I've spent a good bit of time searching through various USFS sites today trying to gather info. I think I understand that I will need to have a valid first aid card. Do I also need a CPR cert? Or is that the same thing?

Also, I think I understand Class A relates mostly to brushing, whereas class B is good up to 24" and class C is over 24"... Sound right? Is there a difference between bucking and felling certifications? The guys that did this last year got Class B bucking cards when they were done, but what more would it take to go Class C? And Felling if different?

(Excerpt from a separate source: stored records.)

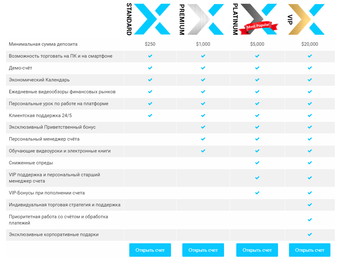 Минимальный депозит Xtrade на тарифе Стандарт составляет 250$. Это весь стартовый капитал, что вполне посильная сумма для многих. На самом деле, такая сумма не позволит зарабатывать соразмерно зарплате, но используя кредитное плечо можно попробовать. Это так называемый рычаг, который увеличивает ваши фактические средства для торговли бОльшими объемами. Например: у вас кредитное плечо 1:50, депозит 1000 дол, значит вы имеете возможность торговать сделками на 50 000 дол. Правда, не плохо? Осталось только научиться торговать прибыльно. Про это поговорим далее.
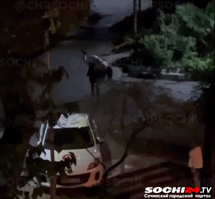 В Сочи жильцы дома в Адлерском районе сняли на видео инцидент с участием мужчины и женщины, которые в ночь на среду на улице громко выясняли отношения.
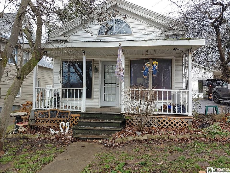 2 or 3 bedroom home located downtown Fredonia in need of some TLC. You might even be able to watch a few football games from your front porch! There is a portion in the back that used to be a garage that was converted to a bar about 20 years ago that hasn't been used for that purpose since. With a little vision, that space could be converted back into a garage or just use for storage as it is now. Cash offers only. Sold as is.
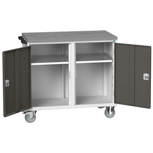 Verrijdbare Combikast Verso, Totale hoogte: 980 mm, Aantal laden: 0, Totale breedte: 1050 mm, Totale diepte: 600 mm, Kleur: Antraciet, Deurhoogte: 725 mm, Kleur ombouw: Lichtgrijs, Max. belasting: 300 kg, Aantal deuren: 2, RAL: 7016, Zwenkwiel Ø: 125 mm, Max. belasting per legbord: 75 kg, Special Covid-19: nee, Aantal legborden: 2, Aantal zwenkwielen: 4, Recyclebare verpakking: Ja - 100%, Gerecyclede verpakkingen: 93 %, Gewicht: 73.31 kg, Type nr.: 16927140.19, Kleur deur: Antraciet
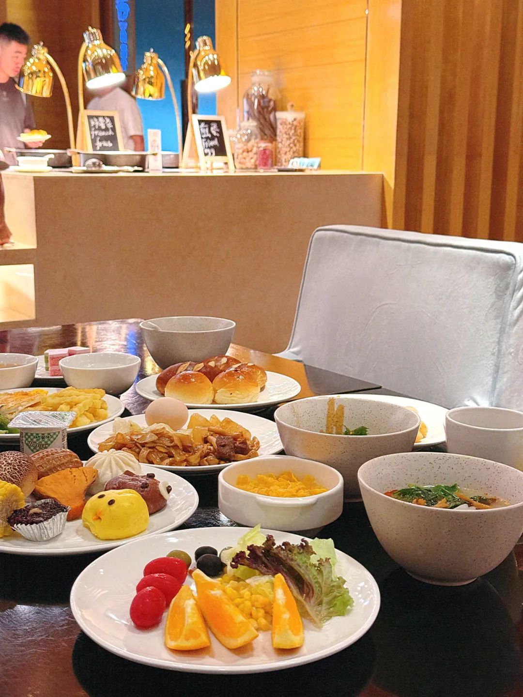 以同样的价格在环境舒适的酒店自助餐厅吃上一顿荤素均衡,还有甜点、水果、咖啡的早餐,显然更加划算。
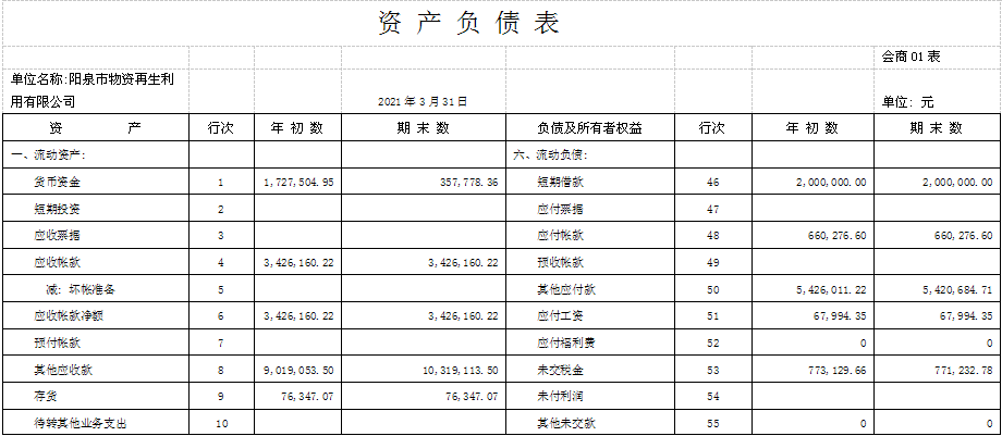 再生公司2021年一季度信息公開

Anyone have any insights? opcorn:


----------



## Cfaller (Jan 15, 2014)

First aid and CPR typically go together. I believe you are correct on the size of timber you can cut with the A, B and C sawyer certs. In the wildland world, a B faller would be able to fell and buck up to 24". When doing outside groups you can restrict the individual to liming and bucking only. Typically once you get your B card and gain more experience then you can go for a C card. Some folks can get a C card right a way but they typically do felling for a living. Safety and the procedure are what most certifier's will be watching for. Try and get the certification test before hand so you know exactly what you will be evaluated on. Slowp should be able to help with this some also. Good luck.


----------



## slowp (Jan 15, 2014)

Oh dear. Yes, you will need CPR which usually goes with the First Aid class. An A bucker is basically a trainee. I may be wrong but the limit is around 9 inches. Class B is up to 24". Forget about C, unless your FS is easier to work with than ours. Our folks told a very good production faller that he'd have to go through certification and could only be a B faller and they weren't going to do another session for a year. They lost one heck of a good faller who was going to do work as a volunteer. I had to hear about it frequently when out on timber sales from him. There are fewer certifiers for C than with the smaller sizes. You will need to go through certification every year.

Falling is the same way.

You may be watching a few movies as part of the training.
I got my first few years certification whilst an employee of the FS. The last was after retiring and through the Pacific Crest Trail Association. They are a little different, but are still FS approved. They only do bucking certs and only have an A and B classification. Their B rating means no diameter limit. That's what I am. They have you buck some trees up, use wedges, and the hardest part for me, and I got dinged on it, was explaining what I was doing. Confused?

You might look into that as an alternative. They have Trail Skills College and also put on first aid and saw training at our White Pass ski area. I hope they repeat it this year.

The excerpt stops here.